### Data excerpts
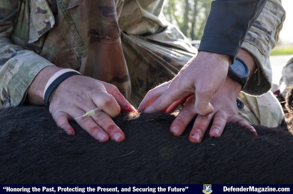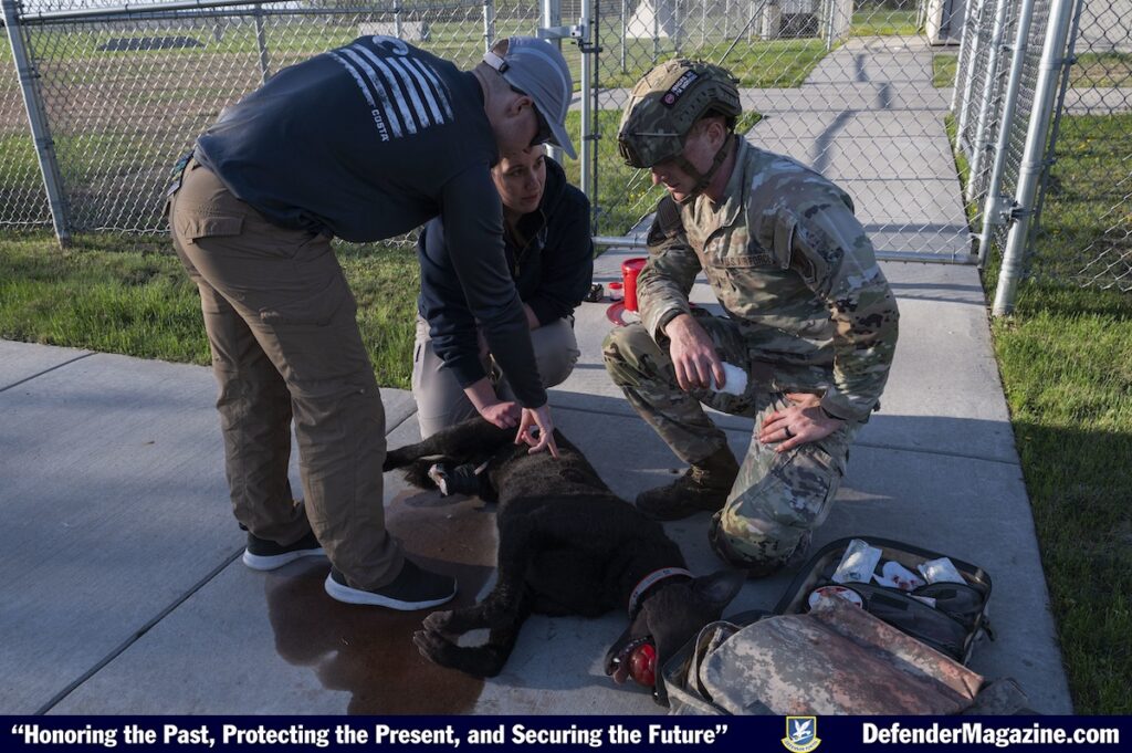 U.S. Army Capt. Joshua Middleton, veterinary corps officer of the Veterinary Readiness Activity assigned to Minot Air Force Base, N.D.; and Staff Sgt. Sally Dolance, animal care specialist of the VRA assigned to Minot AFB, review tactical combat casualty care with U.S. Air Force Staff Sgt. James Edwards, 319th Security Forces Squadron military working dog handler, at Grand Forks Air Force Base, N.D., May 13, 2025. MWD handlers have monthly training on how to perform TCCC on their dogs to ensure they are proficient and prepared to respond to a MWD medical event. (U.S. Air Force photo by Airman 1st Class Emma Funderburk)
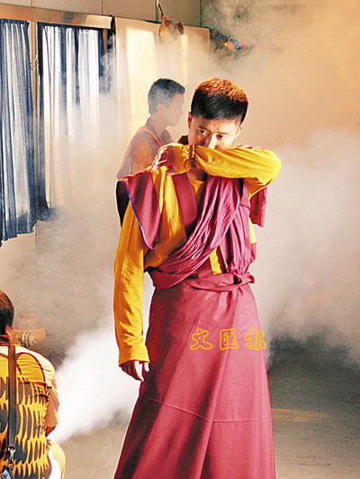 ■拍攝現場煙霧迷漫,天氣又悶熱,打得的吳京也感辛苦。
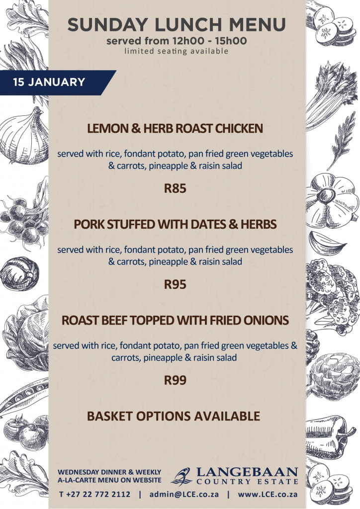Sunday LCE Breakfast Menu | Sunday Lunch Menu
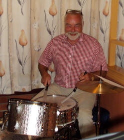 Bjarne Nordsletten (Ballan) som alltid smilande bak trommene, sjølv om øktene kan bli i drygaste laget. |
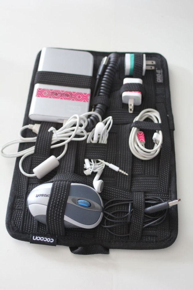 I recently spruced up my iPhone and iPad chargers with a bit of washi tape since mine have a habit of disappearing around certain members of my family. But its a great system and it slides right down into my bag making it easy to keep the cords without any of the clutter.
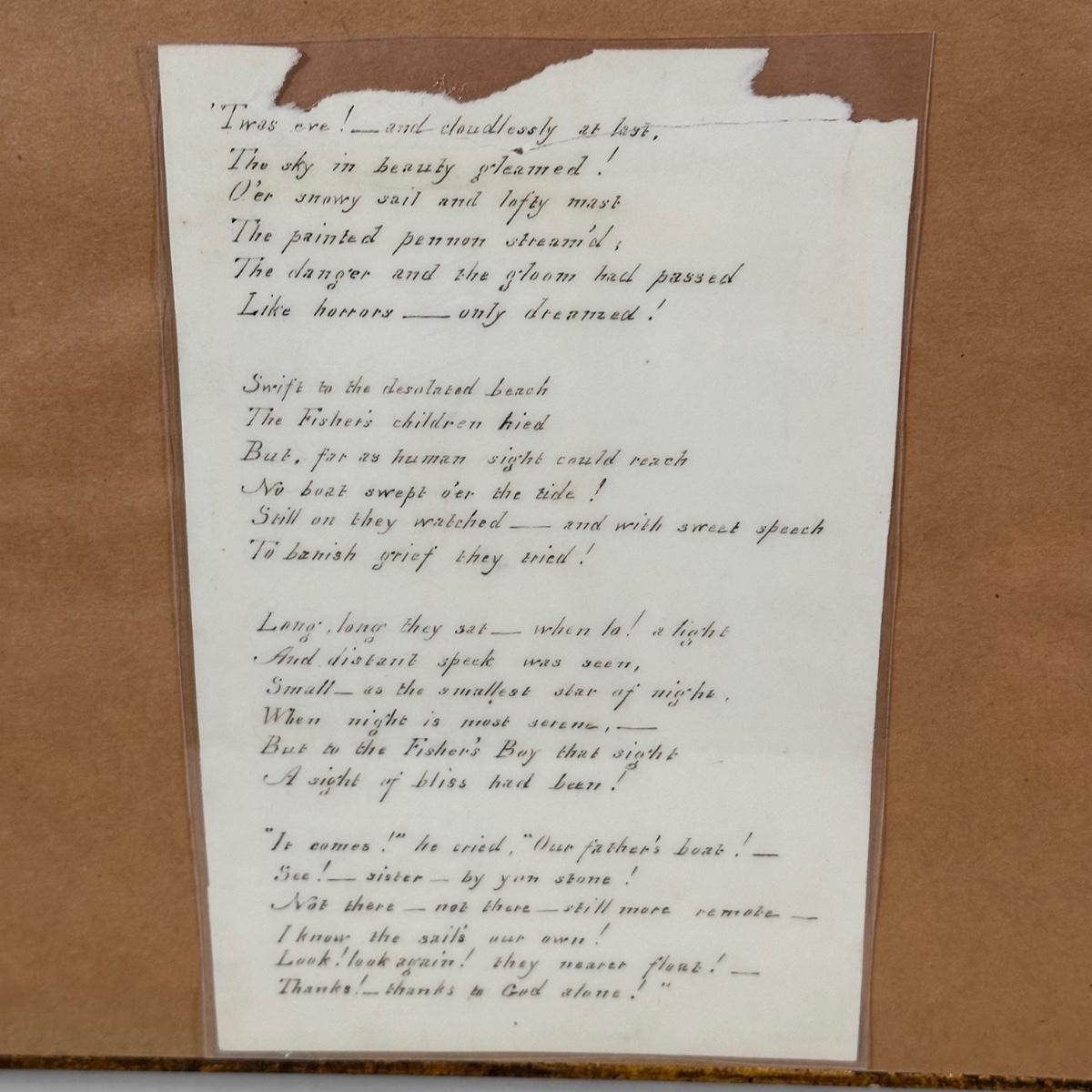 LOT 315Y: Framed antique Print with poem on the back.

### Exercise details
Above are records with pictures; repeat them exactly, but without the pictures.

### The answer
 U.S. Army Capt. Joshua Middleton, veterinary corps officer of the Veterinary Readiness Activity assigned to Minot Air Force Base, N.D.; and Staff Sgt. Sally Dolance, animal care specialist of the VRA assigned to Minot AFB, review tactical combat casualty care with U.S. Air Force Staff Sgt. James Edwards, 319th Security Forces Squadron military working dog handler, at Grand Forks Air Force Base, N.D., May 13, 2025. MWD handlers have monthly training on how to perform TCCC on their dogs to ensure they are proficient and prepared to respond to a MWD medical event. (U.S. Air Force photo by Airman 1st Class Emma Funderburk)
 ■拍攝現場煙霧迷漫,天氣又悶熱,打得的吳京也感辛苦。
Sunday LCE Breakfast Menu | Sunday Lunch Menu
 Bjarne Nordsletten (Ballan) som alltid smilande bak trommene, sjølv om øktene kan bli i drygaste laget. |
 I recently spruced up my iPhone and iPad chargers with a bit of washi tape since mine have a habit of disappearing around certain members of my family. But its a great system and it slides right down into my bag making it easy to keep the cords without any of the clutter.
 LOT 315Y: Framed antique Print with poem on the back.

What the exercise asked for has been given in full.